* **What to do**
Once the line holding "随后,温州市建筑装饰行业协会" is found, output it and all remaining lines of the data exactly, with every picture left out.

* **Stored records**
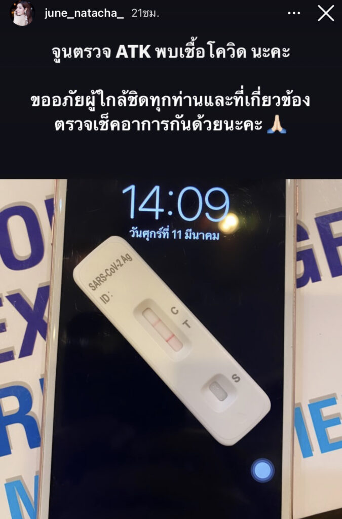 โดยเจ้าตัวได้โพสต์ภาพโชว์ผลตรวจ2ขีด พร้อมเขียนว่า“จูนตรวจATK พบเชื้อโควิดนะคะ ขออภัยผู้ที่ใกล้ชิดทุกท่านและที่เกี่ยวข้องด้วยเชคอาการกันด้วยนะคะ ซึ่งงานนี้ก็มีเหล่าบรรดาแฟนคลับแห่เข้ามาส่งกำลังใจให้สาวจูนหายป่วยไวๆเป็นจำนวนมาก
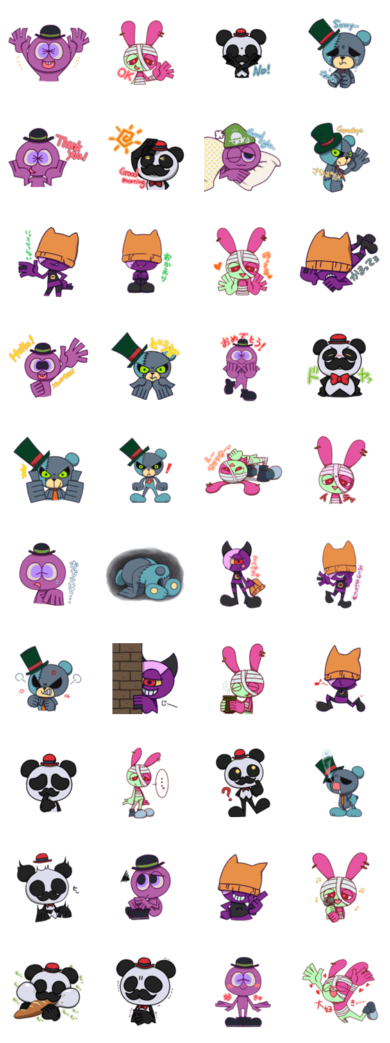 | スタンプ説明 | ちょっと不思議で、ちょっと変な彼らがスタンプになりました。カートゥーン風が好きな方は是非。 |
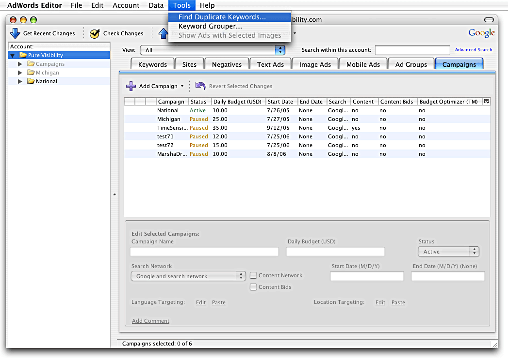 Figure 3-3. AdWords Editor�s Find Duplicate Keywords tool
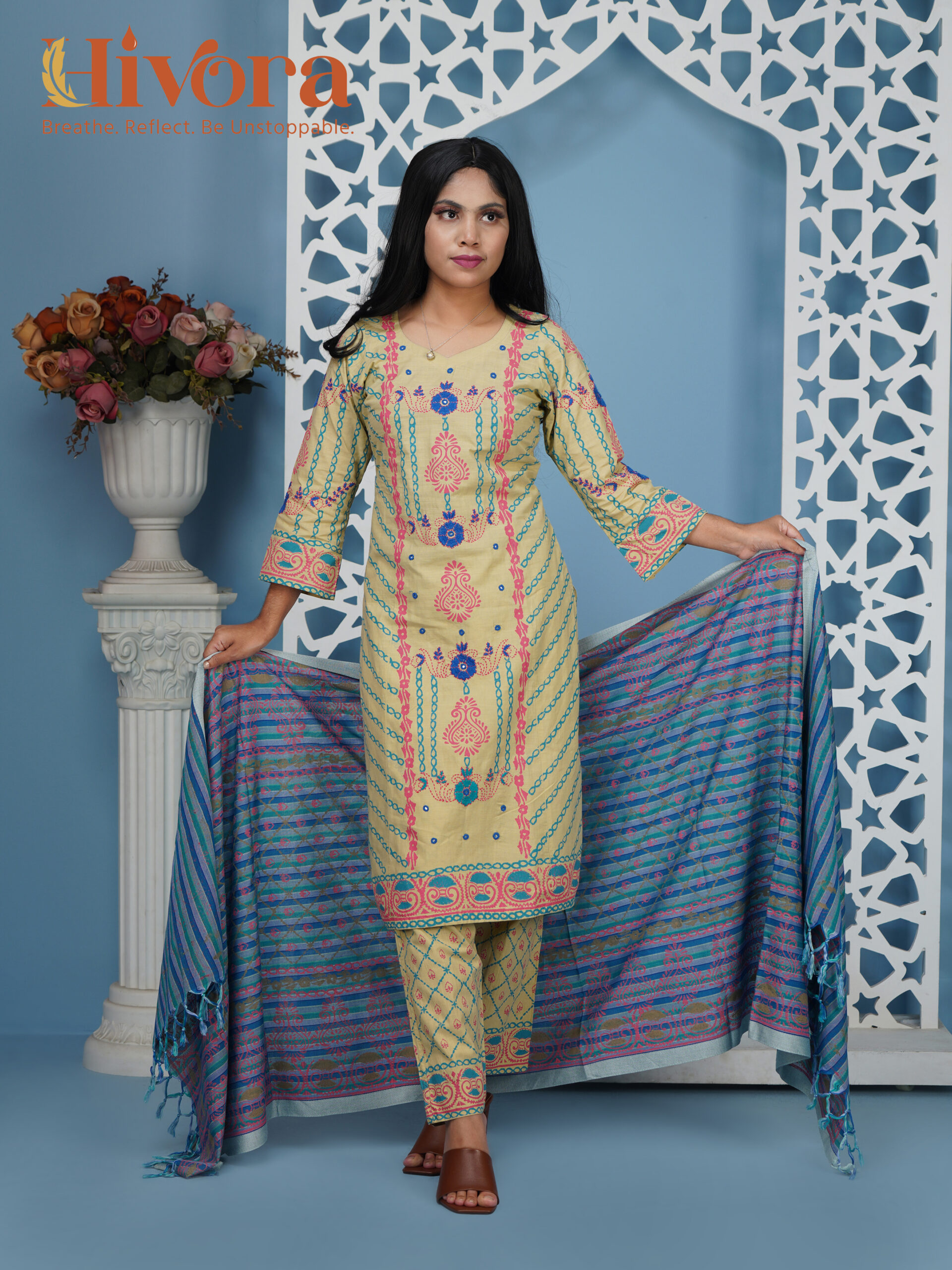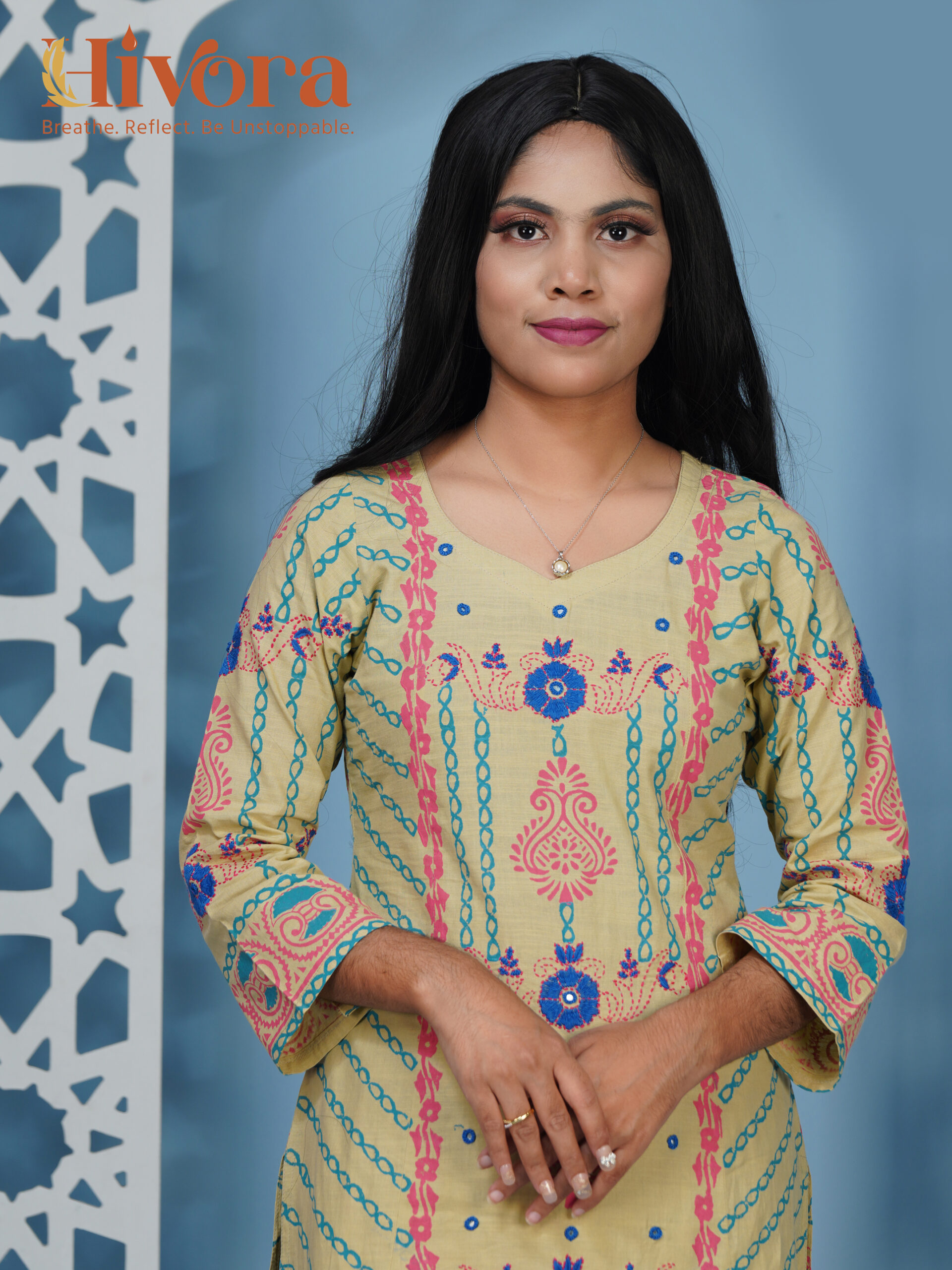 Value addition:-Â Kamiz block print with hand embroidery and dollar work.
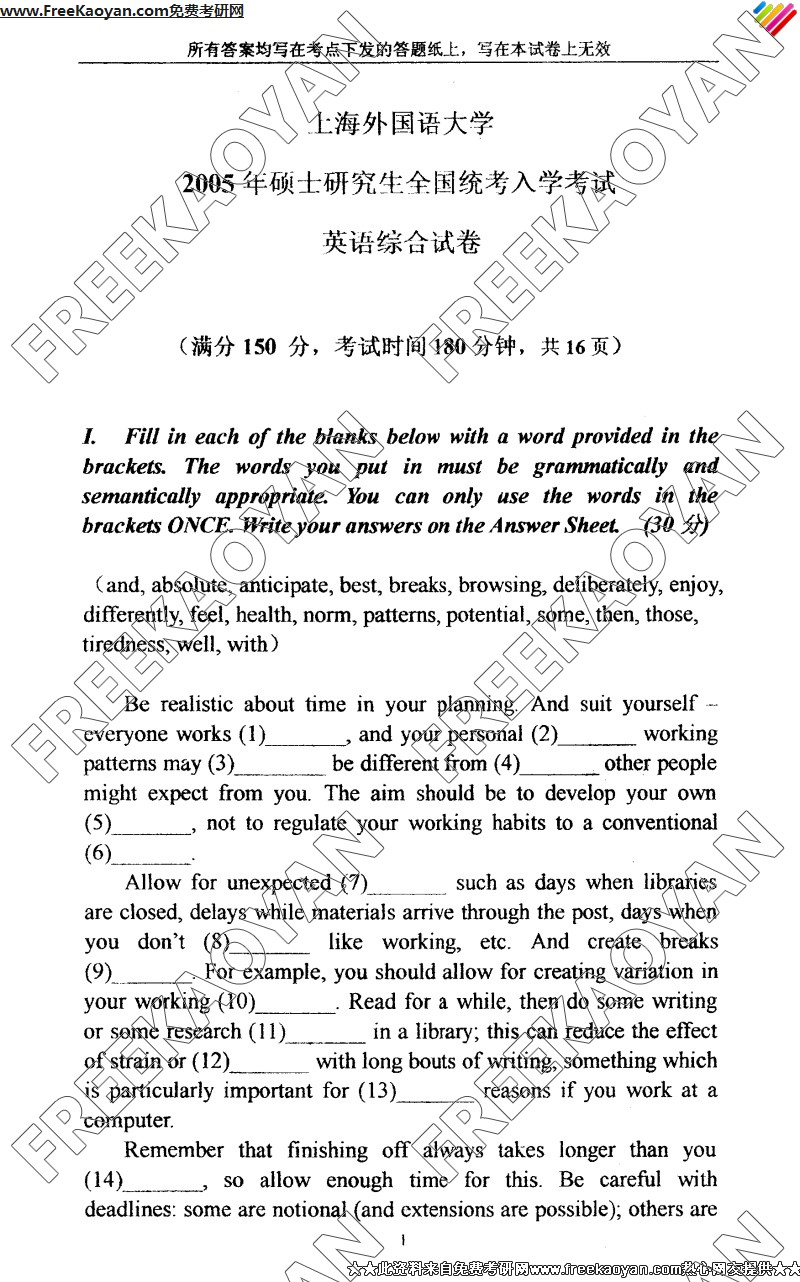 专业课考研经验 本站小编 FreeKaoyan 2018-01-23上海外国语大学2005年考研真题-英语综合及答案
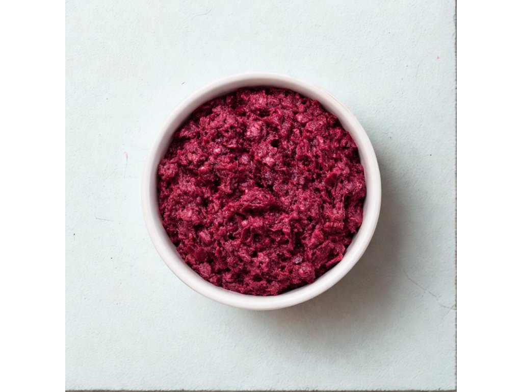 Hydinová zmes s červenou repou je chutná a výživná kombinácia hydinového mäsa a zeleniny vhodná pre prirodzené kŕmenie psov metódou BARF (Biologically Appropriate Raw Food).
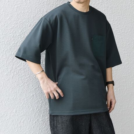 胸元にナイロン素材のポケットを採用し、サイドにはピスネームを施したTシャツ。
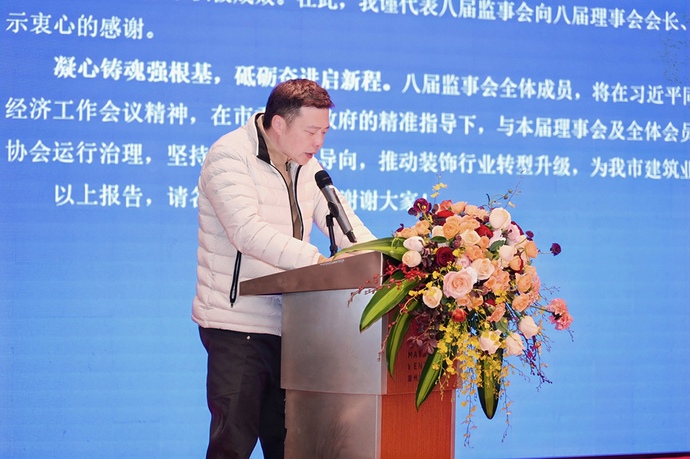 随后,温州市建筑装饰行业协会监事长周海天向大会作2025年监事会工作报告;党支部书记王少春作2025年协会财务收支情况报告;副会长周世星宣读《关于增补八届理事会理事单位的提案》;副会长张锵宣读《关于新会员入会的提案》;大会审议通过了以上报告和提案。秘书长吴小江宣读审议《关于调整会费收缴标准的提案》,会上以无记名投票方式通过了该项提案。最后,由副会长郭荣宣读了《关于2025年度优秀企业和优秀企业家评选结果通报》;副会长王建锋宣读了《关于2025年度信用企业评选结果通报》,副会长邱晓敏宣读了《关于2025年度优秀项目经理评选结果通报》。
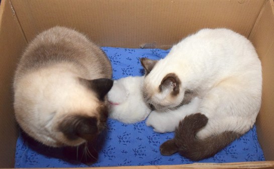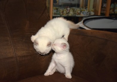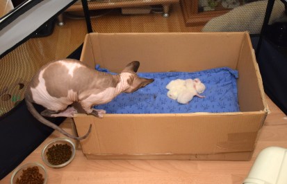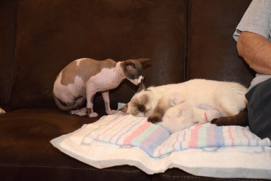 En in de tussentijd vindt Tuth ze steeds interessanter worden. Hij is zo lief voor ze, wil bij ze zijn, ze wassen, met ze spelen, “maar Tuth… ze zijn nog wel heel erg klein om mee te spelen… je moet nog even wachten”, dus dirigeren we hem weer rustig uit de doos. Hij gaat dan maar weer op de kattenbak of op de rand van de stoel zitten gluren naar deze fascinerende kleine wezentjes.
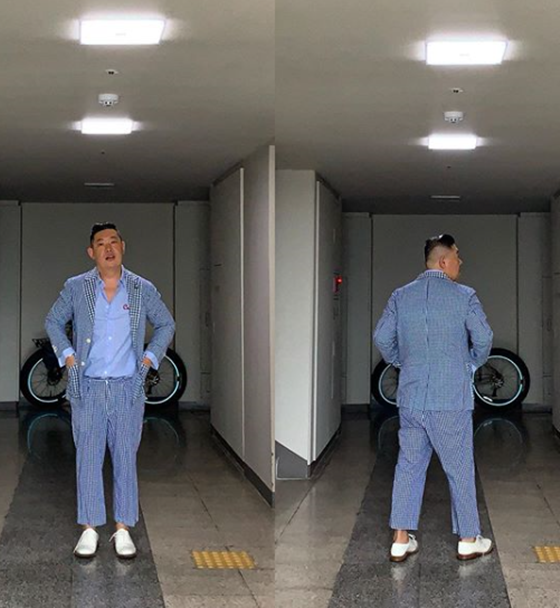 스타일리스트 신우식이 '파란 바둑판룩'을 선보였다.
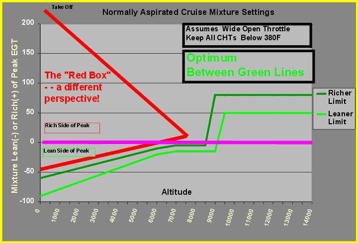 altitudes (rich of peak). For best economy you stay at 50F lean of peak at

* **Answer area**
 随后,温州市建筑装饰行业协会监事长周海天向大会作2025年监事会工作报告;党支部书记王少春作2025年协会财务收支情况报告;副会长周世星宣读《关于增补八届理事会理事单位的提案》;副会长张锵宣读《关于新会员入会的提案》;大会审议通过了以上报告和提案。秘书长吴小江宣读审议《关于调整会费收缴标准的提案》,会上以无记名投票方式通过了该项提案。最后,由副会长郭荣宣读了《关于2025年度优秀企业和优秀企业家评选结果通报》;副会长王建锋宣读了《关于2025年度信用企业评选结果通报》,副会长邱晓敏宣读了《关于2025年度优秀项目经理评选结果通报》。
 En in de tussentijd vindt Tuth ze steeds interessanter worden. Hij is zo lief voor ze, wil bij ze zijn, ze wassen, met ze spelen, “maar Tuth… ze zijn nog wel heel erg klein om mee te spelen… je moet nog even wachten”, dus dirigeren we hem weer rustig uit de doos. Hij gaat dan maar weer op de kattenbak of op de rand van de stoel zitten gluren naar deze fascinerende kleine wezentjes.
 스타일리스트 신우식이 '파란 바둑판룩'을 선보였다.
 altitudes (rich of peak). For best economy you stay at 50F lean of peak at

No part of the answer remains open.